Suppose $R$ is a commutative ring, $I$ is an ideal of $R$, and $M$ a finitely generated $R$-module. (Usually in this problem $R$ includes $1_R$.) Let $\phi : M \to M$ be an $R$-homomorphism, and $\phi(M) \subseteq IM$. How to prove that $$\exists a_1 ,...,a_n \in I \text{ so that } \phi^n+a_1\phi^{n-1}+\cdots+a_n 1_M=0\ ?$$
I tried to solve this using the definition:
$M$ is a $R$-module and includes a finite generator, i.e : $RX=M$, $X=\{x_1,...,x_n\}$,
and I know that $IM, \phi(M)$ are sub-modules of $M$.

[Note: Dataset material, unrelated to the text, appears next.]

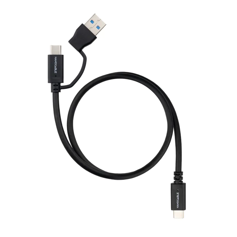 Nanocable 10.01.4801 Cable USB-C 3.2 Gen2 de 10 Gbps y 60 W, 4K/60 Hz, USB-C + USB-A/M a USB-C/M 1M Negro
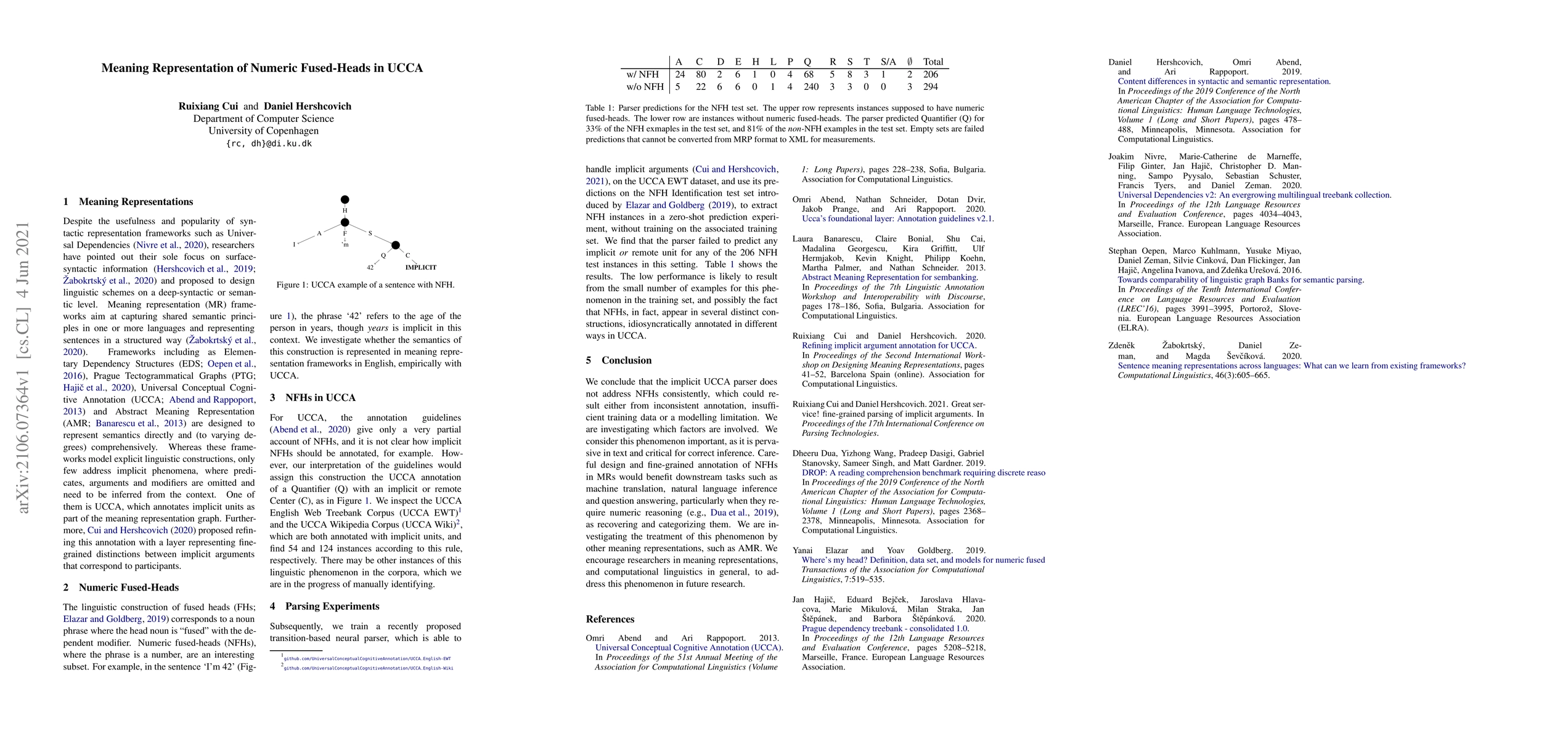 We exhibit that the implicit UCCA parser does not address numeric fused-heads (NFHs) consistently, which could result either from inconsistent annotation, insufficient training data or a modelling limitation. and show which factors are involved. We consider this phenomenon important, as it is pervasive in text and critical for correct inference. Careful design and fine-grained annotation of NFHs in meaning representation frameworks would benefit downstream tasks such as machine translation, natural language inference and question answering, particularly when they require numeric reasoning, as recovering and categorizing them. We are investigating the treatment of this phenomenon by other meaning representations, such as AMR. We encourage researchers in meaning representations, and computational linguistics in general, to address this phenomenon in future research.

$IM=IRX=IX$ because $I$ is an ideal in $R$.
$$\phi(x_i)= \sum_{j=1}^n a_{ij}x_j, a_{ij}\in I, x_i\in M$$
You've noted that $$ \phi(x_i)= \sum_{j=1}^n a_{ij}x_j, a_{ij}\in I, x_i\in M $$ which can be rearranged as $$ \sum_j (\delta_{ij}\phi-a_{ij})x_j=0. $$ Let $A=(a_{ij})$, and $X=(x_1,\dots,x_n)^T$. This implies that $(I\phi-A)X=0$, since the $i$th entry of the resulting vector is just the above sum. Left multiplying by the adjugate of $I\phi-A$, we have $$ \operatorname{adj}(I\phi-A)(I\phi-A)X=\det(I\phi-A)IX=0 $$ so that $\det(I\phi-A)x_j=0$ for all $j$, and thus $\det(I\phi-A)$ is the zero endomorphism. Expanding the determinant gives the desired equation.
This is essentially Proposition 2.4 in Atiyah and MacDonald.